The to_elements Function (line 328) — handles flat and nested collections:

def to_elements(value, rank_collection_type):
    collection_element_identifiers = []
    elements = value["elements"]
    is_nested_collection = ":" in rank_collection_type

    for element in elements:
        if not is_nested_collection:
            # Flat collection (list, paired)
            dataset = replacement_item(element, force_to_file=True)
            collection_element = dataset.copy()
            collection_element["name"] = element["identifier"]
            collection_element_identifiers.append(collection_element)
        else:
            # Nested collection (list:paired, list:list, etc.)
            sub_collection_type = rank_collection_type[rank_collection_type.find(":") + 1:]
            collection_element = {
                "name": element["identifier"],
                "src": "new_collection",
                "collection_type": sub_collection_type,
                "element_identifiers": to_elements(element, sub_collection_type),
            }
            collection_element_identifiers.append(collection_element)
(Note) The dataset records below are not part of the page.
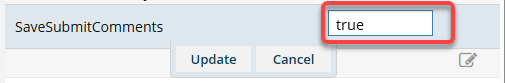 - If the SaveSubmitComments feature is ON (true), the user is prompted to enter a comment.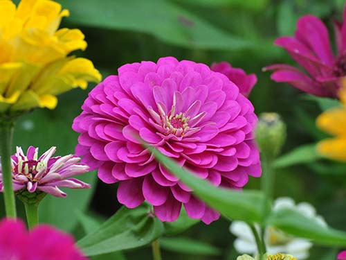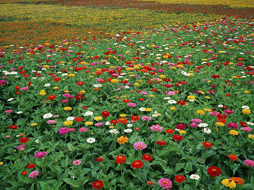 百日草,一年生草本植物。側枝呈杈狀分枝。夏秋開花,頭狀花序單生枝頂,花徑約10厘米,花瓣顏色多樣,花期長,花型變化多端,基本上都是重瓣種。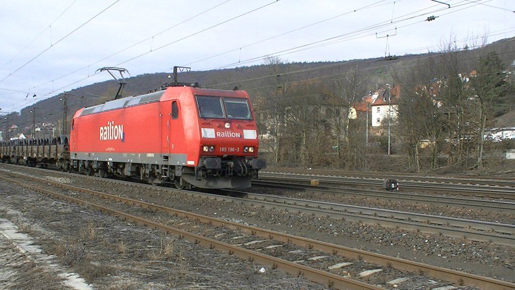 185 196-3 Railion mit einem Stahlrollen-Ganzzug in Gemünden am Main Richtung Würzburg. 21.02.2012
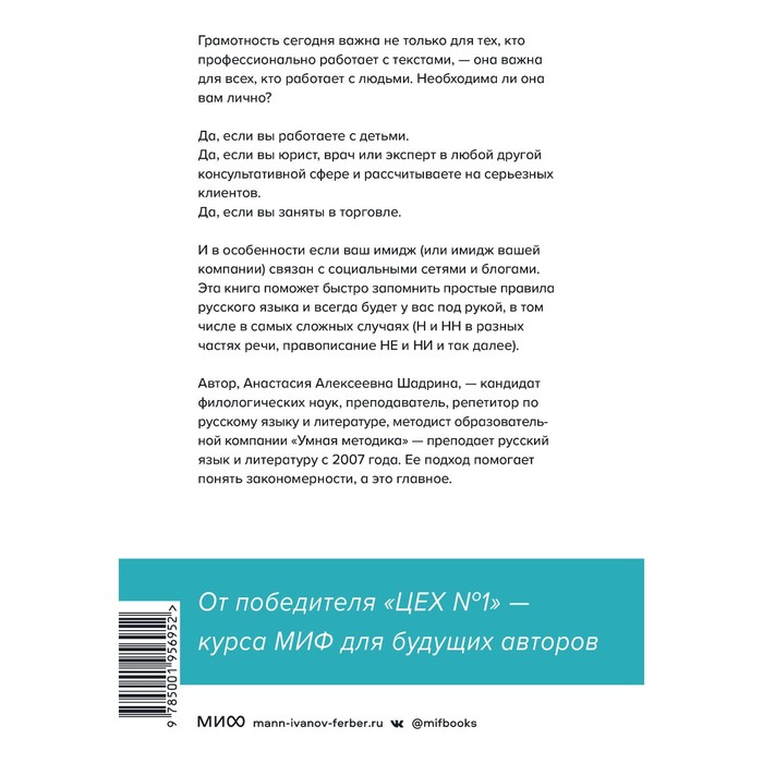 Научно-популярная книга о правилах и закономерностях русского языка. Коротко и ясно о самых сложных случаях.Грамотность сегодня важна не только для тех, кто профессионально работает с текстами, — она важна для всех, кто работает с людьми. Необходима ли она вам лично?Да, если вы работаете с детьми. Да, если вы юрист, врач или эксперт в любой другой консультативной сфере и рассчитываете на серьёзных клиентов. Да, если вы заняты в торговле. И в особенности если ваш имидж (или имидж вашей компании) связан с социальными сетями и блогами.Эта книга поможет быстро запомнить простые правила русского языка и всегда будет у вас под рукой, в том числе в самых сложных случаях (Н и НН в разных частях речи, правописание НЕ и НИ и так далее).Для кого эта книга:Для всех, кому нужна грамотная речь.Кроме очевидного факта, что грамотность необходима всем, чья профессия связана с текстами (корректорам, редакторам, копирайтерам, журналистам), давайте вспомним, что грамотная речь нужна и людям, которые работают в других сферах:- специалисты по работе с клиентами, продавцы-консультанты, торговые представители, администраторы — все, кто занят в торговле и общается с покупателями, должны в идеале обладать грамотной устной (а сейчас ещё и письменной) речью.- грамотности мы ждём от юристов, врачей, да и вообще от экспертов в различных сферах, несмотря на то что их профессионализм с этим вроде бы и не связан. ⠀- грамотную речь мы хотим слышать от всех, кто занимается с нашими детьми: от нянь, воспитателей детских садов, учителей и репетиторов.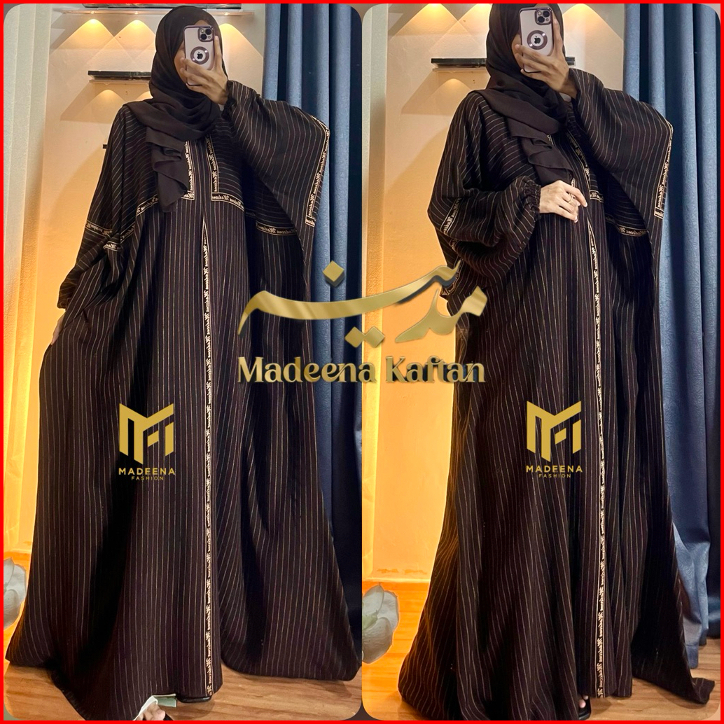 Kaftan Motif Salur Madeena Rayon Jumbo Adem Nyaman Busui Gamis Dress Panjang Wanita Remaja Dewasa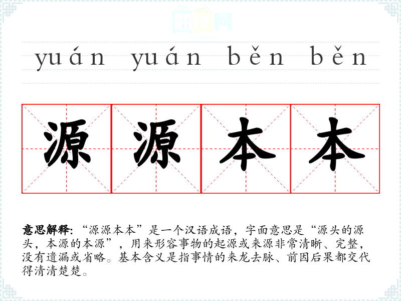“源源本本”是一个汉语成语,字面意思是“源头的源头,本源的本源”,用来形容事物的起源或来源非常清晰、完整,没有遗漏或省略。基本含义是指事情的来龙去脉、前因后果都交代得清清楚楚。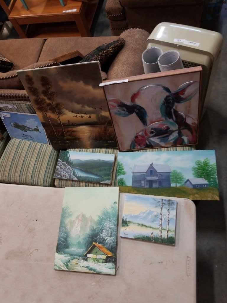 6 PAINTINGS ON CANVAS - 1 IN FRAME

    return collection_element_identifiers

How nesting works:

  • For list:paired, rank_collection_type = "list:paired", is_nested_collection = True
  • For each top-level element: sub_collection_type = "paired"
  • Recursively calls to_elements(element, "paired") for inner elements
  • Since "paired" has no :, inner elements are flat — files get uploaded and referenced as {"src": "hda", "id": ...}
  • The outer element becomes {"src": "new_collection", "collection_type": "paired", "element_identifiers": [...]}

File Upload (replacement_file, line 238):

Each leaf element with class: File goes through replacement_file():

  • Reads path or location
  • Handles filetype/format, tags, dbkey, decompress, hashes, composite_data
  • Calls upload_file() which creates a FileUploadTarget and uploads via the fetch API
  • Returns {"src": "hda", "id": dataset_id}

4. Galaxy Server Side: Collection Creation

4a. API Endpoint

File: /Users/jxc755/workspace/galaxy/lib/galaxy/webapps/galaxy/api/dataset_collections.py, line 84-93

POST /api/dataset_collections receives CreateNewCollectionPayload with:

  • collection_type: e.g. "list", "paired", "list:paired"
  • element_identifiers: list of dicts, each with name, src (hda, hdca, new_collection), and id or nested element_identifiers
  • history_id
  • instance_type: "history"

4b. Payload Validation

File: /Users/jxc755/workspace/galaxy/lib/galaxy/managers/collections_util.py

api_payload_to_create_params() (line 26): requires collection_type and element_identifiers.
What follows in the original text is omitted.